Excessive energy drink use, symptoms include…

Caffeine under a microscope
What Caffeine looks like under a microscope

There was a time when I would consume upwards of 5-14 cans of redbull every night on a weekend, while going out clubbing and raving. So many I would add Tabasco sauce to slow me down if I was in a bar not a rave (imagine trying to smuggle in Tabasco sauce into a rave!). At the time there was no sugar free redbull and I was aware of the threat of diabetes.

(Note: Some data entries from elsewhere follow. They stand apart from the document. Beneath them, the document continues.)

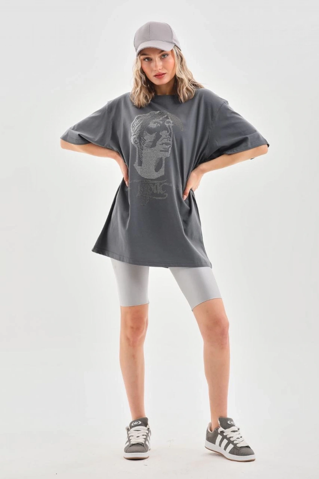 AICG ÖN ARKA BASKILI BİSİKLET YAKA KADIN OVERSİZE BİSİKLET YAKA T-SHİRT - SİYAH
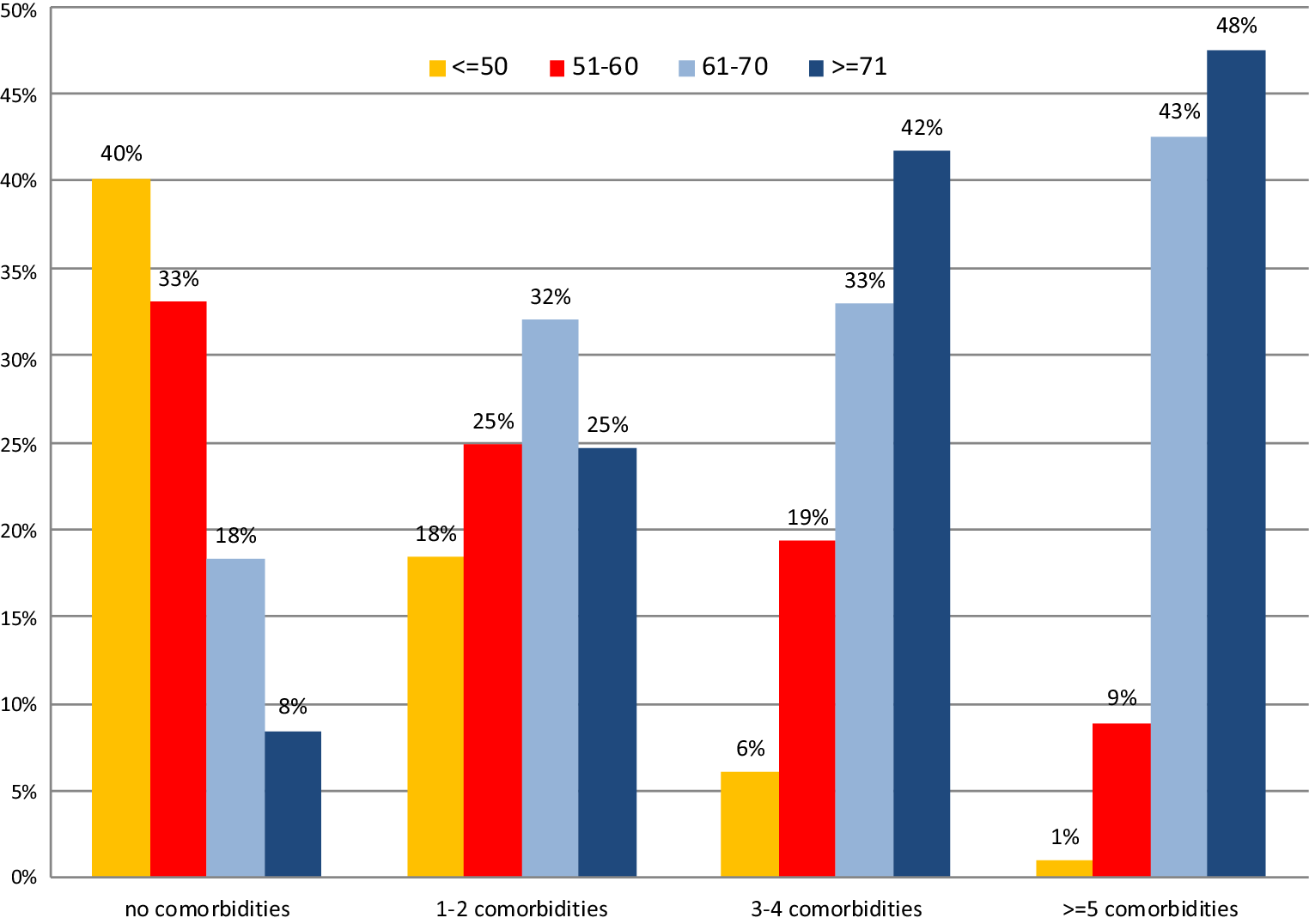 Distribution of patients (%) within particular age groups according to the numbers of comorbidities documented (these differences were statistically significant, chi-squared test p < 0.001)
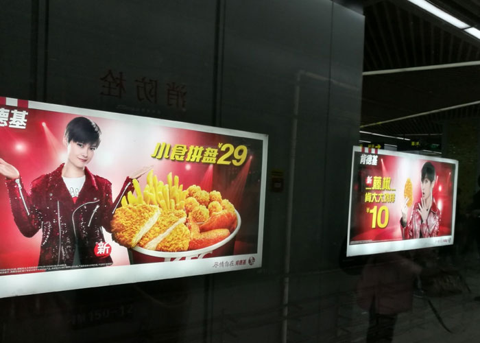 (1)內(nèi)容趨向以商業(yè)性為主,兼顧公益性和地方特色 地鐵廣告內(nèi)容以商業(yè)為主,時(shí)效性較強(qiáng),在企業(yè)推出新產(chǎn)品或季節(jié)更替、突發(fā)重大事件時(shí),企業(yè)就會(huì)更換廣告主題和表現(xiàn)手法,且時(shí)換時(shí)新。地鐵是公共產(chǎn)所,必須肩負(fù)受眾的信息需求,擔(dān)負(fù)起一定的社會(huì)責(zé)任,因而公益廣告的公益信息內(nèi)容發(fā)布也是地鐵廣告的重要組成部分。在某種程度上,地鐵廣告還結(jié)合公益性和商業(yè)性表現(xiàn)出隱形廣告的特點(diǎn)。
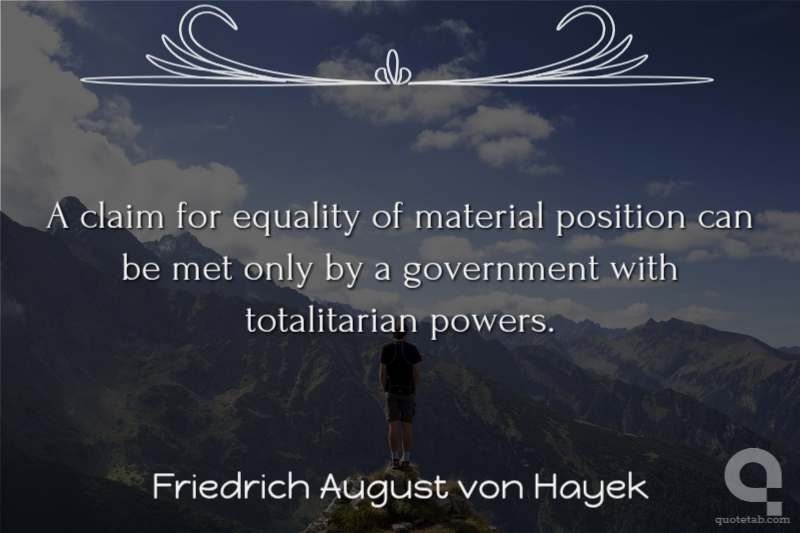 A claim for equality of material position can be met only by a government with totalitarian powers.
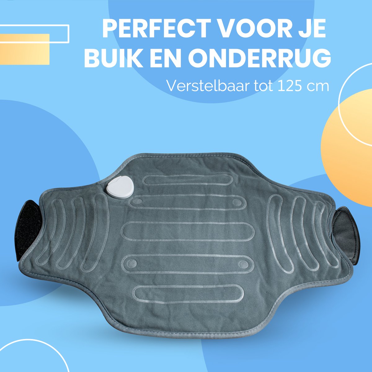 Een warmtekussen voor buik en rug verlicht pijn en spanning met warmtetherapie, terwijl het verstelbaar tot 125 cm zich aanpast aan verschillende lichaamstypes voor maximale comfort.
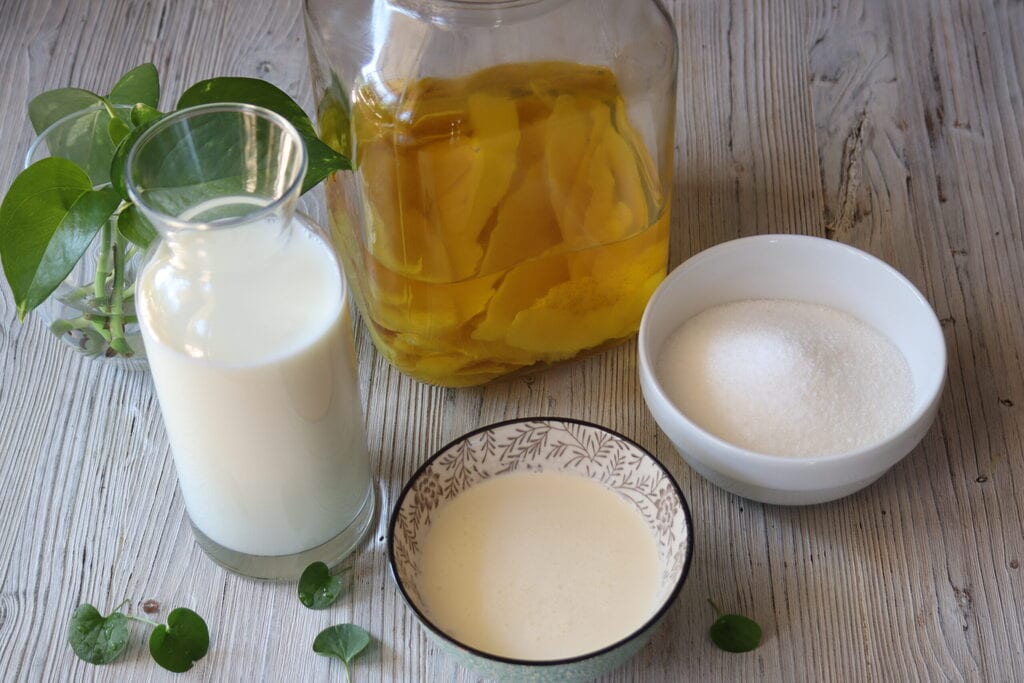 Nach der Zeit filtere ich die Flüssigkeit mit dem Sieb. Die Zitronenschalen werfe ich nicht weg, sondern gebe sie in den Topf mit der flüssigen frischen Sahne, dem Zucker und der frischen Milch. Lasse es bei niedriger Hitze 10 Minuten kochen.
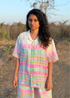 This unisex camp shirt is crafted from upcycled cotton-blend sarees. Lightweight and breathable, it’s designed for long, easy summer days. Pair it with matching shorts for an elevated, breezy holiday set.
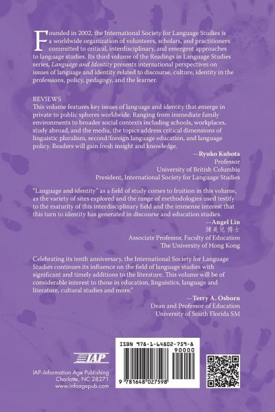 Language and Identity is the third volume of the Readings in Language Studies series published by the International Society for Language Studies, Inc. Edited by Paul Chamness Miller, John L. Watzke, and Miguel Mantero, volume three sustains the society's mission to organize and disseminate the work of its contributing members through peer-reviewed publications. The book presents international perspectives on language and identity in several thematic sections: discourse, culture, identity in the professions, policy, pedagogy, and the learner. A resource for scholars and students, Language and Identity, represents the latest scholarship in new and emergent areas of inquiry.

I never touched any illegal drugs although I was surrounded by them, nope my drug of choice was caffeine (it was useful for those 12 hour raves, although I was wide-awake on the coach home when most were coming down). In retrospect maybe I would have been off with ecstasy (I half joke) Reading about the student who had heart failure from excessive drinking of energy drinks, I got away lightly, even with my brush with death.

For two years, the man drank four 500ml energy drinks a day, according to the BMJ Case Report. He spent 58 days in hospital, including the intensive care unit which he described as “traumatising”. Before the hospital admission, he suffered with shortness of breath and weight loss for four months.

Doctors treating him considered a number of diagnoses, but concluded: “Energy drink-induced cardiotoxicity was felt to be the most likely cause.” An organ transplant was considered after tests revealed both his heart and kidneys had failed – with the kidney failure linked to a long-standing but previously undiagnosed condition.